In some systems, it is possible to modify the order where the appellants do not explicitly send requests to the service, but allow the service request to operate itself when it is ready to serve. This type of technique gives the reception service a total control over the amount it can make and can dynamically modify the size of the request according to its last state. You can use a token bucket strategy where the reception service fulfills the token, and this indicates to the caller when and how much it can send to the server. Here is an example of algorithm that the caller can use:

  # Service requests work if it has capacity

 if Tokens_available > 0: 

             Work_request_size = min (Tokens_available, Work_request_size _max) # Request work, up to a maximum limit 

             send_request_to_caller(Work_request_size) # Caller sends work if it has enough tokens

 

if Tokens_available >= Work_request_size: 

send_work_to_service(Work_request_size)

             Tokens_available = Tokens_available – Work_request_size

# Tokens are replenished at a certain rate

Tokens_available = min (Tokens_available + Token_Refresh_Rate, Token_Bucket_size)

Proactive adjustments

Sometimes you know in advance that your system will soon be exceeded, and you take proactive measures like asking the appellant to slow down the volume of call and increase it slowly. Think of a scenario where your downstream was downstream and rejected all your requests.

During this period, you have matured all the work and are now ready to empty it to meet your SLA. When you drain it faster than the normal rate, you may remove downstream services.

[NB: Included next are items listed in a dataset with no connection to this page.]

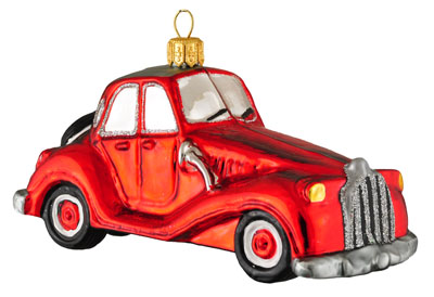 Samochód retro # F537A Szklana Ozdoba Choinkowa. Wydmuchiwana i dekorowana ręcznie. Wysokość 6,5 cm.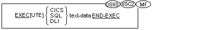 - 形式 EXEC(UTE) CICS、EXEC(UTE) SQL、およびEXEC(UTE) DLI により、適切なシステムコンポーネント(プリプロセッサ、コプロセッサ、外部コンパイルモジュールなどと呼ばれる)が呼ばれ、原文データを処理する。ただし、対応するコンパイラ指令が指定され、そのシステムコンポーネントを起動する場合に限る。対応するコンパイラ指令が指定されていない場合は、EXEC(UTE) 文が形式 1 EXEC(UTE) 文として扱われる。これらの形式の使用について詳しくは、COBOLシステムのマニュアルでCICSの使用およびデータベースへのアクセスについての情報を参照。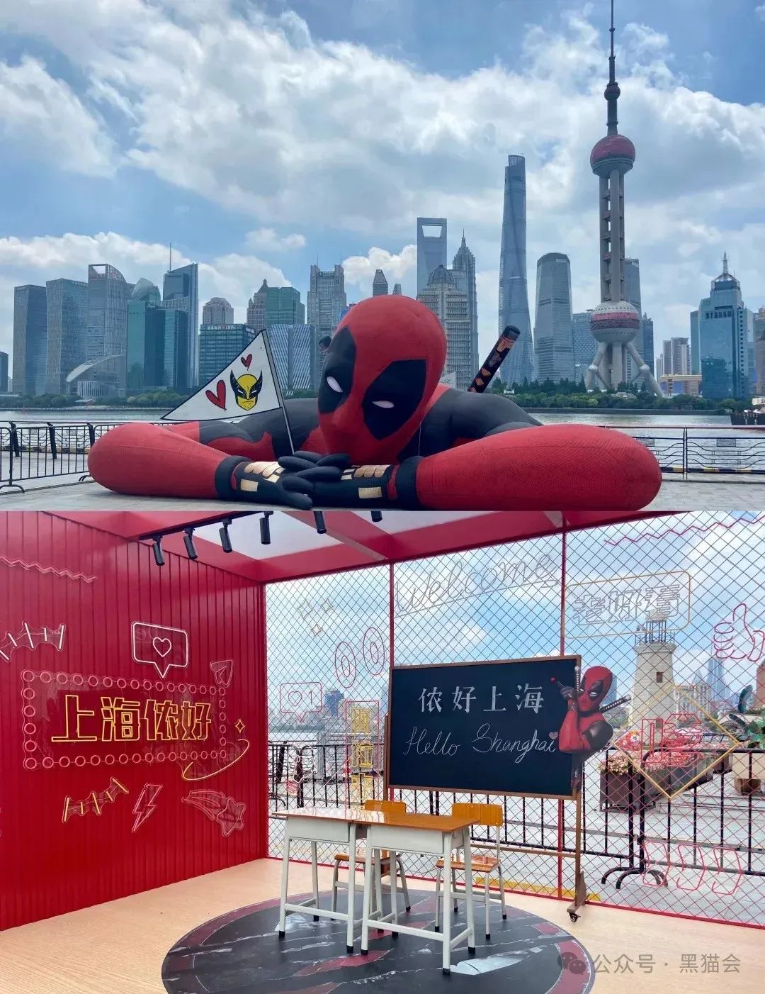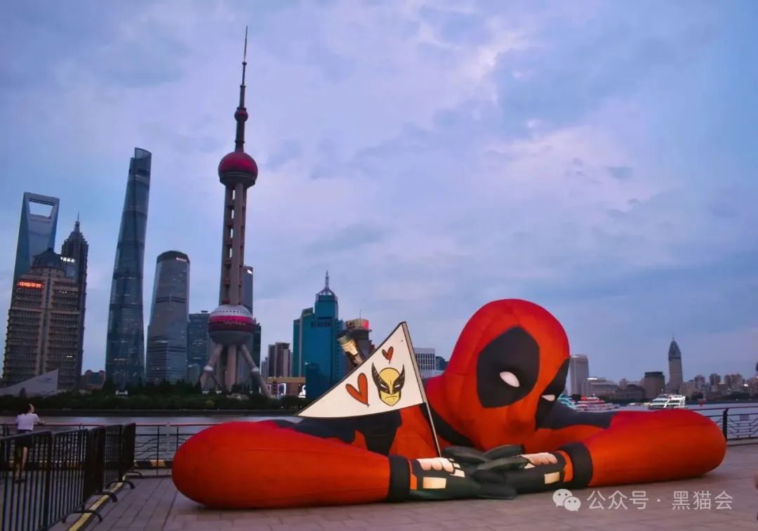 為了為即將于7月26日上映的電影《死侍與金剛狼》的首映禮造勢(shì),7月3日,上海黃浦江邊驚現(xiàn)10米“死侍”巨型藝術(shù)裝置。

To remedy this, you proactively limit the appellant limits or engage the caller to reduce his call volume and slowly open the valves.

Strangulation

Restress the number of requests that a service can serve and reject requests beyond this. Limitation can be applied to the service or API level. This strangulation is a direct indicator of the counterprint so that the appellant slows down the volume of call. You can go further and limit the limitation or priority equity to ensure that the least impact is seen by customers.

Load discharge

The strangulation points to reject requests when you violate certain predefined limits. Customer requests can always be rejected if the service faces stress and decides to proactively delete the requests that he has already promised to serve. This type of action is generally the last recourse so that the services protect and inform the caller.

Conclusion

Counterprint is an essential challenge in distributed systems that can have a significant impact on performance and stability. Understanding the causes and effects of counterpress, as well as effective management techniques, is crucial to building robust and high performance distributed systems. When implemented properly, the counterprint can improve the stability, reliability and scalability of a system, leading to an improved user experience.

However, if it is poorly managed, it can erode customer confidence and even contribute to the instability of the system. The fight against counterprint and meticulous monitoring of the system is the key to maintaining the health of the system. Although the implementation of the counterprint can involve compromises, as an impact potentially on the flow, the advantages in terms of global resilience of the system and user satisfaction are substantial.